The Navy’s growing focus on “‘distributed lethality’—dispersing combat firepower across surface ships rather than concentrating it on naval aviation platforms” casts doubt on the role of carriers, and other ships with primarily expeditionary and power projection roles (e.g., the Navy’s flotilla of various amphibious ships). However, it may also prompt the Navy to build more small surface combatants such as frigates and corvettes that America’s European NATO allies excel at building. Both Forbes and Cancian contended that the best way to leverage allied proficiency in smaller surface combatant construction is through partnerships, which have the added benefit of reducing costs through burden-sharing, and preserving the U.S. defense industrial base while using a foreign design.
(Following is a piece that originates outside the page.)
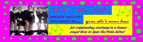 Wow! Wouldn't you feel special if you won our award? I'd feel special if we weren't us and not allowed to win it. I mean, just look at it! Splendificent! And if you submit to us in an e-mail, your site URL, site name, and your name(s) you too, could win! If you'd like to enter your site to win our award send the vitals to this address: hsjuliet@usa.net Re: Splendificent Award **And if you would be ever so kind to keep on clicking on the random background button... you'll really get the feeling of Las Vegas awards...maybe..look at all thpse pretty colours...sigh...**
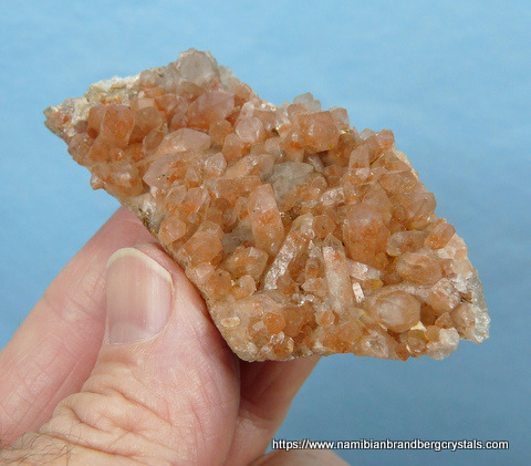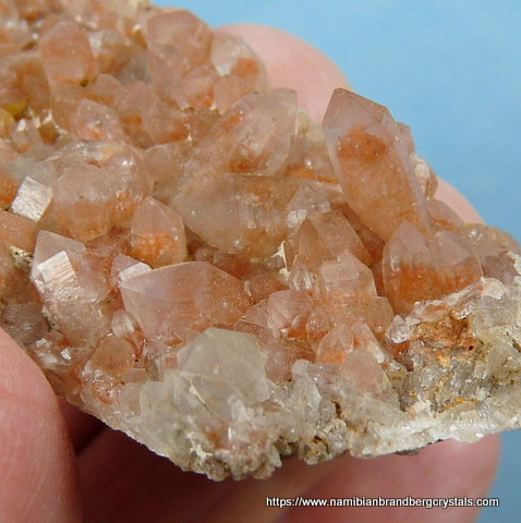 mm Description: A thin plate of orangy-coloured phantom quartz crystals. The edges of

The return of great power naval competition raises many questions for U.S. shipbuilding that navalists will spiritedly debate in the years to come. How big a force do we need, and by extension is the Trump administration’s goal of a 355-ship Navy on target? What kind of ships best serve our needs? What is the proper balance between sea control and power projection? What is the right balance between performing day-to-day operations and maintaining warfighting readiness? Should we build new ships, or focus on extending the lives of the older vessels in the fleet? However, one issue that is not up for debate is that the future of American power is deeply intertwined with the will and capacity of the United States to maintain its naval preeminence.
John S. Van Oudenaren is assistant director at the Center for the National Interest. Previously, he was a program officer at the Asia Society Policy Institute and a research assistant at the U.S. National Defense University.